■ **PROBLEM REQUIREMENTS**
Return all lines from the entries below in which the word "Atelier" is present.
────────
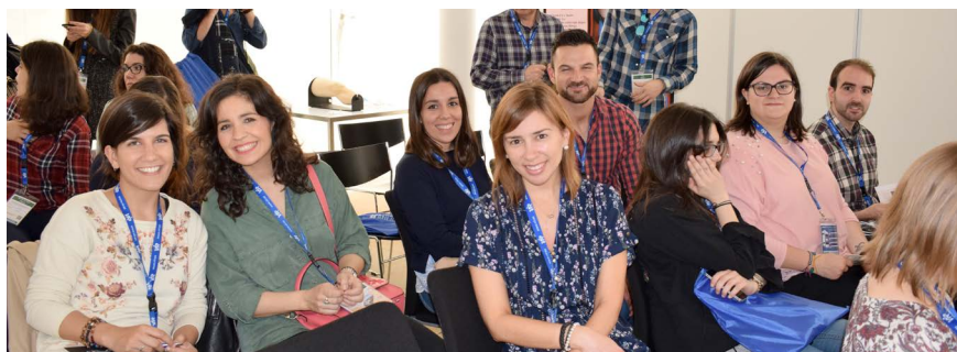
Sonrientes participantes del encuentro.

El programa científico ha recogido conocimientos y habilidades con el objetivo de mejorar la resolutivez de los médicos.
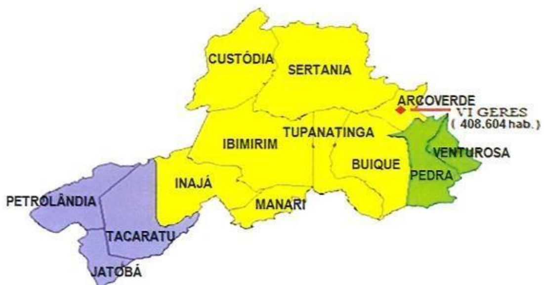
MAPA - 01

A UPAE Arcoverde iniciou suas atividades assistenciais em 30 de março de 2014 com sede no município de Arcoverde da VI Região de Saúde, sendo referência para 13 municípios (Arcoverde, Buíque, Custódia, Sertânia, Ibimirim, Inajá, Jatobá, Manari, Pedra, Petrolândia, Tacaratu, Tupanatinga, Venturosa). Os pacientes serão regulados pela VI Geres, totalizando uma população de aproximadamente 408.604 mil habitantes (DATASUS, 2014).
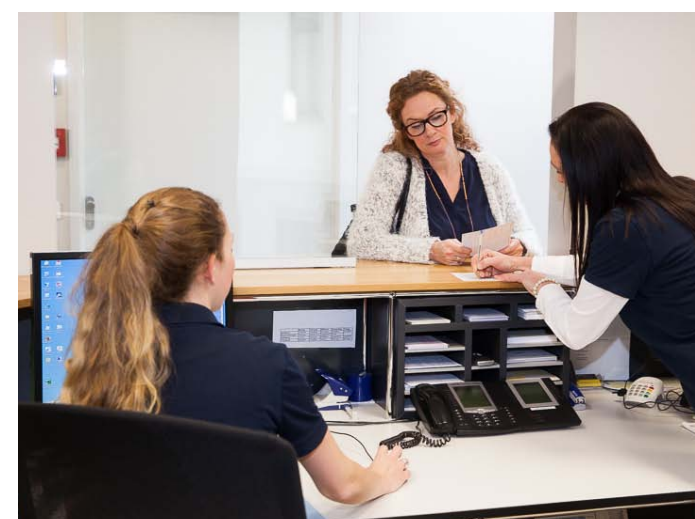
Troisdorf am St. Josef-Hospital
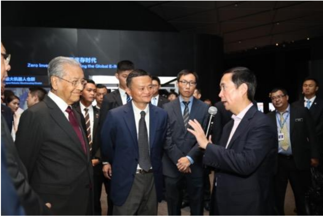
阿里巴巴集团首席执行官张勇陪同首相敦马哈迪博士参观了阿里巴巴展览馆，介绍了集团历史、成功故事、贡献和未来愿望的历程
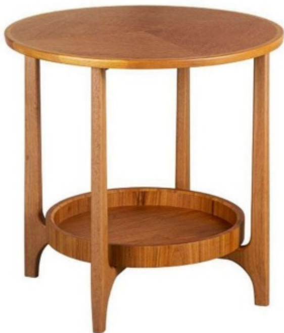
Imagem referencial do produto
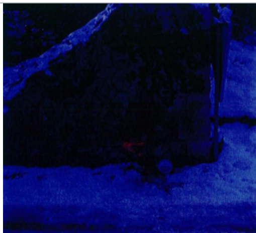
Repere a l'entree du lotissement les Rivières
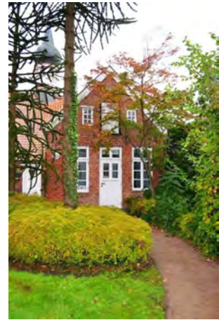
das Atelier

Während meines Aufenthaltes im Künstlerhaus werde ich im dortigen Atelier zwei Workshops veranstalten:
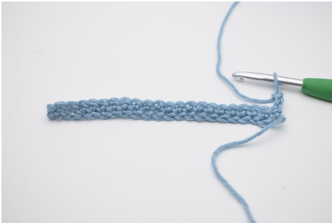
1. Vend dit arbejde med 3 lm.
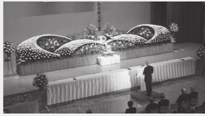
平成28年度戦没者追悼式

ご遺族の皆さんの出席をお願いします。 ▷日時 11月10日(金) 午前10時～ ▷場所 ゆめトピア長船 ▽福祉課 ☎0869・26・5941
────────
■ **OUTPUT FOR THIS TASK**
das Atelier
Während meines Aufenthaltes im Künstlerhaus werde ich im dortigen Atelier zwei Workshops veranstalten:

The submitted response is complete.